TUSD’S Cyber Shutdown: District discovers how hackers infiltrated its system

The district wasn’t ready for sophisticated attack by experienced cybercriminals
Published: Apr. 17, 2023 at 7:54 PM MST|Updated: Apr. 18, 2023 at 9:57 AM MST
Email This Link
Share on Pinterest
Share on LinkedIn

TUCSON, Ariz. (13 News) - Tucson Unified is still trying to fully recover from a ransomware attack in late January. The question swirling around now is whether the district did enough to help prevent it.

TUSD has learned how cybercriminals got into the system which is an issue that dates back years.

Ransomware attacks in the education sector have ramped up in the last few years, and the feds have sent warnings to districts and schools to tighten security.

Did TUSD heed those warnings?

The forensics team determined hackers used a current employee’s account to access the district’s system.

13 News Investigates discovered the district was far from being prepared for what was to come as a “brutal attack” on TUSD’s system.

The damage was done by “Royal” who the feds report is an operation that “appears to have experienced hackers.”

Royal’s ransomware surfaced late last year, only months before TUSD’s crippling attack.

Cybersecurity experts say hackers are growing more sophisticated by the minute and the education sector is now a top target.

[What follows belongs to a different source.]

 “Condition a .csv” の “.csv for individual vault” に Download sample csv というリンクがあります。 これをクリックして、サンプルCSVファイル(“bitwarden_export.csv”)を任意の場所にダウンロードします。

Victor Wieczorek of Guidepoint Security said, “To be honest, education systems have been understaffed and underfunded in terms of IT and cybersecurity for much longer than the COVID pandemic. But of course, that just exacerbated a huge issue there.”

TUSD had received a warning in 2018 before COVID hit, by a way of a performance audit done by the Auditor General’s office.

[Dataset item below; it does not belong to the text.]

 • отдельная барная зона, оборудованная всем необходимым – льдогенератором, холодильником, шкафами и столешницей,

The audit showed TUSD that it lacked “adequate computer controls.” It stated, “The poor controls exposed the district to an increased risk of unauthorized access to sensitive information and data loss.”

The audit found staffers who left TUSD still had access to the district’s network and systems. TUSD “lacked a contingency plan” and a Disaster Recovery Plan if the system failed. The district also had weak password requirements.

Wieczorek said, “And so things like that, technical debt that builds up over time, increases the overall opportunity for an adversary to take advantage of it.”

So what’s happened since then?

During a follow up in 2020, the district reported all of it had been taken care of, and passwords had been strengthened.

However, district leaders learned the hard way that the fixes fell short and the group of experienced hackers out-skilled them.

The feds and cybersecurity operations sent out warnings, reports and recommendations. They pointed out that districts and schools should be training staff at all levels against more sophisticated cyber threats.

Long-time staffers told 13 News Investigates that the district missed the mark on password security.

When 13 News Investigates asked a staffer if there had been any training, the staffer responded “None whatsoever. Only just recently where they told us to create a new password because of the cyberattack.”

13 News Investigates asked Technical Services Executive Director Rabih Hamadeh to explain the breakdown. He said the district has enforced password security since 2019.

“What sometimes happens in any organization that has 40,000 plus students and 8,000 employees, external and internal, is sometimes we do have some gaps,” said Hamadeh.

Hamadeh estimated about 20 percent. He said, “So the system is there, but enforcing the system sometimes can be a challenge and we have to do a lot of communication and manual follow-up.”

Those gaps enable cybercriminals to infiltrate critical systems to steal sensitive information and demand a ransom.

Wieczorek said, “We also need to ensure that these recommendations stay up to date with what the attackers are doing.”

The feds recommend implementing multi-factor authentication (MFA) as a first step in impactful security measures. The district sent an MFA notification to staff on that topic about a week after the attack.

“MFA is a required additional layer of security to protect your account when you connect to a TUSD network.”

Three days later staff had been told the district had a new security software and they needed to create new passwords that were at least 8 characters.

”Wieczorek said, “And we’re seeing now in today’s day and age that even eight characters aren’t cutting it.”

13 News Investigates told Hamadeh that having eight characters for a password is outdated and that it has to even be strengthened by more than eight characters.

Hamadeh said “No, of course, eight characters must be minimum. What we would like to have and implement is one for students and one for staff. What we’re trying to implement now is 15 characters.”

The district ran into a glitch after it got the student password change app working again three weeks after the attack.

The next day it went down and the team notified the staff then that it was working to restore the function.